她惊扰于噩梦余悸的心慢慢安定。
她把这首歌词和名字都改过的特别版《原野》录了下来,那之后每次从噩梦里惊醒时都会听一听。再后来他们成了真正的恋人,方舒雁睡在他的怀里,每次做噩梦他也会跟着转醒。
睡眠那么浅的人,被她吵醒从来没有过怨言。方舒雁不说,他也就不问原因,将她往自己怀里按得更深一点,依偎着重新入眠,像两隻互相取暖的小动物。
这么多年。
方舒雁怀抱着他,突如其来地一阵鼻酸。纵使现在已经无法挽回地渐行渐远,过去曾经发生的一切却也都历历在目。
他不是个温暖的人,但曾经那么真切地温暖过她。
方舒雁环抱着他的胳膊紧了紧,声音很轻地叫他:「致北。」
谈致北应了一声:「嗯。」
「我没怪过你。」方舒雁弯着唇角,缱绻地说,「一直以来都很谢谢你。」
谈致北身体突然一僵。
良久后,他深深呼吸,慢慢地说:「我们会一直在一起,一生互相陪伴,共同度过,或许有矛盾,有争执,互相迁就,但永远不会分开,註定了要纠缠一辈子,何必说谢字。」
第24章 插pter24
「做噩梦了吗?喝口水,屋里干。上京的秋冬总是这样,对需要保护嗓子的歌手很不友好。」
谈致北睁开眼,神色淡漠清明,像是完全没有睡过去。他无声坐起身,身上披着的外套滑落,他看了一眼,面色平静地重新穿上。
温聆把水杯放到他面前的茶几上,人照旧坐在他对面,笑着询问:「这还是你第一次在我这里睡着,很大的进步,是不是?下次可以睡得再久一点,应该能让你更加放鬆。」
「没什么用。」谈致北摇了下头,神色平淡,「睡得不深,你在厨房发出老鼠一样窸窸窣窣动静时我也有感觉,后来你走过来时就醒了。」
温聆:「好吧,可以没用,但说我像老鼠也大可不必,我下次注意。」
这人说话真是不中听,好在她最近已经习惯了。温聆稍稍一哂,直接问他答案:「没睡着的话,那就是没休息好了?你现在脸色很差。」
谈致北扫她一眼,语气淡淡:「做噩梦了。」
温聆稍稍抬眉。
「知道是在做梦,但也没有特别强烈想醒的念头。以上帝视角旁观发生过的事,没那么愉快,但也不怎么抗拒,习惯了。」
温聆听着他的描述,若有所思,指尖思索地摩挲着下巴。
「好吧,极度缺乏安全感的表现,对外界相当不信任。
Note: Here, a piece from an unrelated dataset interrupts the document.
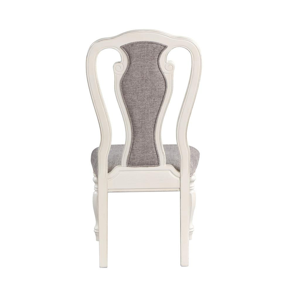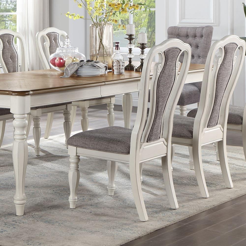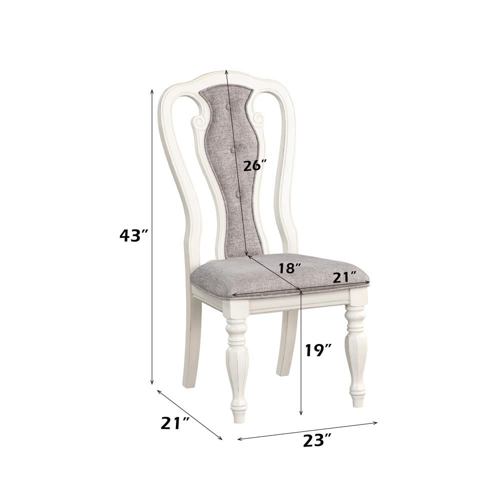 Rectangular Legs TableTwoTone Dining: Oak Top & Antique White BaseExtension Top: 2 Removable Leaves (18")Wooden Top & ApronPadded Seat & Back Cushion: Gray FabricWooden Turned Legs(Front)Server w/2 Drawers & 2 DoorsTable Available in Two Sizes

」她说,「做这种梦大概从几岁开始,频率多久一次?一直以来都经常做梦吗?现在的情况怎么样?」
谈致北皱了下眉:「你怎么这么多问题。」
温聆朝他无辜地耸肩:「我是个心理医生,又不是个算命的。你总不能指望我根据你的面相对症下药吧?我对这方面没有研究,你要是不想答的话就去另请高明。」
在和谈致北的数次接触中,温聆逐渐察觉到了和谈致北的正确相处方式——就不能太顺着他说话,适当的不客气和直白的表达更有利于和他进行交流。
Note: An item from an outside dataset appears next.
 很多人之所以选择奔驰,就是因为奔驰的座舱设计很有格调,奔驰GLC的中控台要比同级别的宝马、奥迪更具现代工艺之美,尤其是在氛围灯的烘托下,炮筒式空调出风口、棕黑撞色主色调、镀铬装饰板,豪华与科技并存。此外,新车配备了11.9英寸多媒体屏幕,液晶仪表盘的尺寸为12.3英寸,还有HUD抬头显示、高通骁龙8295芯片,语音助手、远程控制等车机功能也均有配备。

这显然是个讳疾忌医的病人,如果不是面临的情况已经超出了自己的掌控范畴,他可能永远不会承认自己的问题。温聆心里有数,这一次在和他的交流中,不动声色地改变了相处方式,效果不错。
谈致北果然不再继续饱含敌意地抬槓,沉默片刻,僵硬地一板一眼,有问有答。
「五岁开始。」
这么早。温聆动作微顿,不动声色地将自己的短暂怔忡遮掩过去,抬手将他面前的茶杯倒满。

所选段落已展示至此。